НА АПТЕКАРСКИЙ ОСТРОВ...
Опубликовано в журнале Новый Мир, номер 12, 1996
Андрей Битов. Первая книга автора. (Аптекарский проспект, 6). СПб. Издательство Ивана Лимбаха. 1996. 127 стр.
Живой классик современной русской прозы, Андрей Битов предпринял писательский жест, дозволенный только классику: после изданных им за литературную жизнь полусотни книг собрал и выпустил свою «первую книгу». Это значит, что он извлек из корзины и составил в сборник самые ранние вещи, ученические рассказы, не публиковавшиеся и не предназначавшиеся, явив, таким образом, нулевую страницу своего творчества (то, что было до «Большого шара» и «Аптекарского острова», с которых для нас начинается Битов). Заодно в той же книжечке он представил начала собственной текстологии (черновой вариант известного рассказа «Бездельник») и кое-какие материалы к собственной биографии, тем самым выступив в некотором роде в роли собственного исследователя. Получилось в результате нечто тщательно оформленное и весьма изысканное, новое произведение автора из очень старых вещей, нечто, к чему подходит эффектное нынешнее понятие артефакта. Классики по этому случаю, в самом деле, вспоминаются — но скорее все же по контрасту. Они обычно оставляли будущим исследователям собирать их юношеские опыты, а если и торопились незрелым выступлением, то, спохватившись, бывало, старались изгладить его следы из истории литературы. Гоголь сжег тираж «Ганца Кюхельгартена», прочитавши рецензию Н. Полевого, поигравшего на малороссийском словечке «заплата» (в значении — «плата», «расплата») в тексте несчастного произведения: «Заплатою таких стихов должно бы быть сбережение оных под спудом». Гоголь принял этот приговор — однако ведь как сейчас мы рады, что он не сумел привести его в исполнение до конца. Мы рады, что имеем «Ганца» как нулевое произведение Гоголя, так интересно для нас уточняющее перспективу его пути.

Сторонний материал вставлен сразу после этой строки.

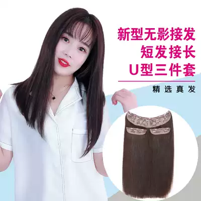 New shadowless hair piece real hair no trace one piece U-shaped wig piece 3 pieces of women's short hair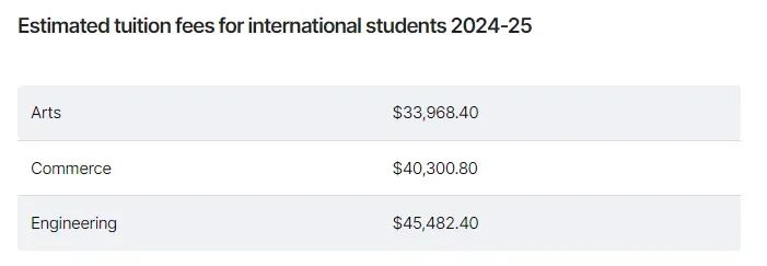 到2025年,学费的最低水平将介于44,670澳元至59,750澳元之间,具体取决于专业。攻读医学专业的留学生在2025年的学费预计将达到95,360澳元。

Скажем то же и о «первой книге автора» Андрея Битова, потому что именно концы с концами его сорокалетнего уже пути она помогает связывать. Автору наших дней как-то больше приходится самому об этом заботиться, становиться организатором и конструктором образа собственного пути, — но таков уж авторский крест усиленной самоосознанности и самооформленности, какой отличает автора Битова. Также и особенное внимание к классикам (тем, настоящим, прежним) и писательская как бы оглядка на них отличают автора. Но тут все слишком другое — и самый характер авторства, и «художественность». И, не спуская с классиков глаз, автор так комментирует свое раннее творчество: «Но ТА художественность была результатом совсем другой внутренней жизни». Вот документом совсем другой, чем та «совсем другая», внутренней жизни и предстают нам пробные опыты, собранные в «первой книге автора».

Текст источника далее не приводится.